----- Supplied information

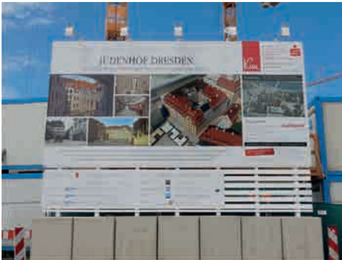
Schauwer; Neumarkt in Dresden. Bauplatk mit Projekt „Judenhof Dresden“ 2016, „hier entsteht ein barocker Baukomplex mit besonderem Innenhofkonzept und dem Flair einer italienischen Piazzetta...“
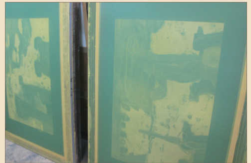
Make a plate of silk screen for printing of transfer paper. 転写紙を印刷するための版をつくる。
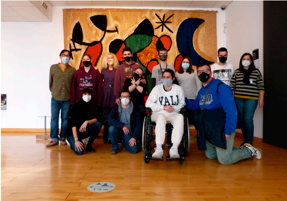
Grup INSERLAB. Diputació de Tarragona.

dura fins a l'actualitat. El MAMT ofereix a aquests grups un espai obert i acollidor que els participants puguin fer seu, i on les seves experiències, preocupacions i emocions es puguin posar en relació amb l'art, mentre aprenen l'idioma local amb l'activitat l'ABC del MAMT o coneixen el museu com a equipament cultural i el seu contingut. A partir del curs 2011-2012, es pren la decisió d'adaptar el calendari de visites per tal de dedicar un dia a la setmana als centres d'educació especial. El dia escollit és el dilluns, moment en el qual el museu està tancat al públic, però que obre les portes per acollir a aquests col·lectius i per poder disposar lliurement de l'espai sense limitacions de mobilitat, d'expressió, ni de sorolls. Les activitats que es realitzen amb aquests centres són totalment personalitzades

----------

** What is being asked **
Leaving out the pictures, transcribe the material above exactly.

** Task answer **
Schauwer; Neumarkt in Dresden. Bauplatk mit Projekt „Judenhof Dresden“ 2016, „hier entsteht ein barocker Baukomplex mit besonderem Innenhofkonzept und dem Flair einer italienischen Piazzetta...“
Make a plate of silk screen for printing of transfer paper. 転写紙を印刷するための版をつくる。
Grup INSERLAB. Diputació de Tarragona.

dura fins a l'actualitat. El MAMT ofereix a aquests grups un espai obert i acollidor que els participants puguin fer seu, i on les seves experiències, preocupacions i emocions es puguin posar en relació amb l'art, mentre aprenen l'idioma local amb l'activitat l'ABC del MAMT o coneixen el museu com a equipament cultural i el seu contingut. A partir del curs 2011-2012, es pren la decisió d'adaptar el calendari de visites per tal de dedicar un dia a la setmana als centres d'educació especial. El dia escollit és el dilluns, moment en el qual el museu està tancat al públic, però que obre les portes per acollir a aquests col·lectius i per poder disposar lliurement de l'espai sense limitacions de mobilitat, d'expressió, ni de sorolls. Les activitats que es realitzen amb aquests centres són totalment personalitzades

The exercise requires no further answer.